Chapter 369: Chapter 369
On the other end of the line, Cora had gone very quiet.
But it was not the quiet of someone who had lost interest or who was distracted by the other things competing for her attention. It was the quiet of someone whose mind had just snagged on something specific and was pulling at it with focused, deliberate intensity.
A name was circling in her thoughts, repeating itself with the persistent rhythm of something that refused to be dismissed as coincidence.
Richard. Richard Harrison. The Harrison family.
She turned the name over carefully, examining it from different angles, and the more she examined it the more it settled into a shape she recognized. Because Richard Harrison of the Harrison family - wasn’t that the man that Penelope was with? Wasn’t that exactly who Penelope’s fiancé was?
The thought arrived with quiet certainty, and rather than dismissing it, Cora followed it directly.
"Before I give you my answer," she said, her voice carefully neutral in the way it only ever got when she was working through something important beneath the surface, "I just want to clarify one thing. Out of curiosity more than anything else."
She paused.
"The bride - do you know her name? They must have given you the name of the bride at some point during the planning process. Do you have it?"
Sandra made a small sound of confirmation on the other end of the line, the sound of someone checking their notes quickly.
"Yes, I do have it," she said. "Her name is Penelope. That’s all I know - I don’t have details about her background or her family, just the name. Penelope."

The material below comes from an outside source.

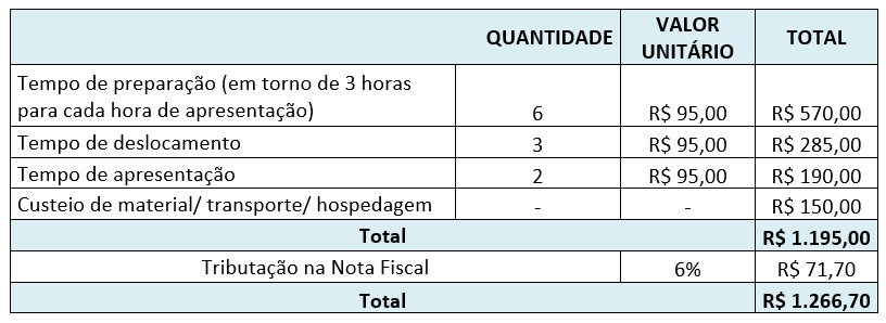 - Tempo de preparação (em torno de 3 horas para cada hora de apresentação);
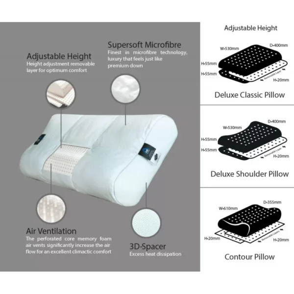 The Hamilton Deluxe Pillow collection is ergonomically designed to provide optimal support and to keep your sleep cool. Each pillow is encased in premium cotton sateen covers with superset microfiber giving it a soft huggable feel. The open pore structure of AIR VISCO™ allows air to circulate freely. 3D Spacer material around the border of the pillow dissipates any body heat that is accumulated in the pillow.

The moment the name landed, something shifted in Cora’s jaw - a tightening, subtle but unmistakable, like a muscle responding to a signal sent from somewhere much deeper than conscious thought. Her expression, which had been carefully composed throughout the entire conversation, underwent a very slight but very telling change.
She nodded her head slowly, even though Sandra couldn’t see her.
"Well," Cora said, and her voice had taken on a new quality now - smooth and thoughtful, with something quietly electric running underneath it like a current beneath still water. "This is quite interesting. Very, very interesting indeed."
She was quiet for just a moment more before something else occurred to her - something practical and suddenly very relevant.
"You mentioned that you were given invitation cards for this event in your capacity as the lead organizer," she said, keeping her voice perfectly casual. "How many did they give you?"
Sandra’s response was immediate.
"Three," she said. "I told them that I would be bringing three team members with me on the night, so they issued me three invitation cards. But honestly, given how much the scope of this project has just changed, I could very easily go back and request a fourth. The situation has changed significantly enough to justify it, and I don’t think they would question it."
And at that moment, Cora smiled.
It was a quiet smile, private and unhurried, the kind that doesn’t need an audience because it belongs entirely to the person wearing it and to the thought that produced it. Nobody in the room with her could have seen it and known exactly what it meant, but Cora knew precisely what it meant.
Because deep down, in the part of her mind where her sharpest and most calculated thinking happened, something had just clicked into perfect alignment. This was an alternative. A clean, elegant, completely legitimate alternative path directly into that wedding - one that required no bought invitations, no swapped cards, no schemes that could be traced or intercepted.
If Oliver and the original plan worked, then wonderful. But if for any reason that route became complicated or compromised, this was the backup. This was the insurance policy she hadn’t even known she needed twenty minutes ago but now recognized as potentially the most valuable card in her hand.
And it had come to her completely on its own, without her having to reach for it at all.
At that moment, Cora’s voice shifted into something warmer and more decisive, the tone of someone who had just finished weighing all the variables and arrived at a clear conclusion. frёewebηovel.cѳm
"Well, you just have to accept it," she said firmly, and Sandra could hear the confidence radiating through the phone line. "Take the contract, commit to it fully, and make absolutely sure that you deliver the kind of work that exceeds every expectation they have placed in front of you. Do a very good job - the best work you have ever done - and you have nothing to worry about from my end."
She paused briefly before adding something that Sandra had not expected but desperately needed to hear.
"And I want you to know that I will be coming along with you every step of the way to assist you in any capacity I can. Whatever you need - guidance, creative direction, additional resources, a second set of eyes, someone to handle the logistics while you focus on execution - I will be there for you. You know I have your back in this, and you genuinely have nothing to worry about."
At that moment hearing the confirmation from Cora the effect of those words on Sandra was immediate and visible even though no one was there to see it. Her eyes widened slightly in the darkness of the car, the tension that had been wound so tightly through her shoulders and neck for the past hour releasing just slightly, like a rope being loosened one careful notch at a time.
Even though the fear and the pressure of the impossible timeline and the weight of everything she had just agreed to were all still very much present, hearing Cora’s clear confirmation and promise of support gave her something solid to stand on - something she hadn’t realized she was so desperately missing until it arrived.
She exhaled slowly and nodded her head, even though Cora couldn’t see her.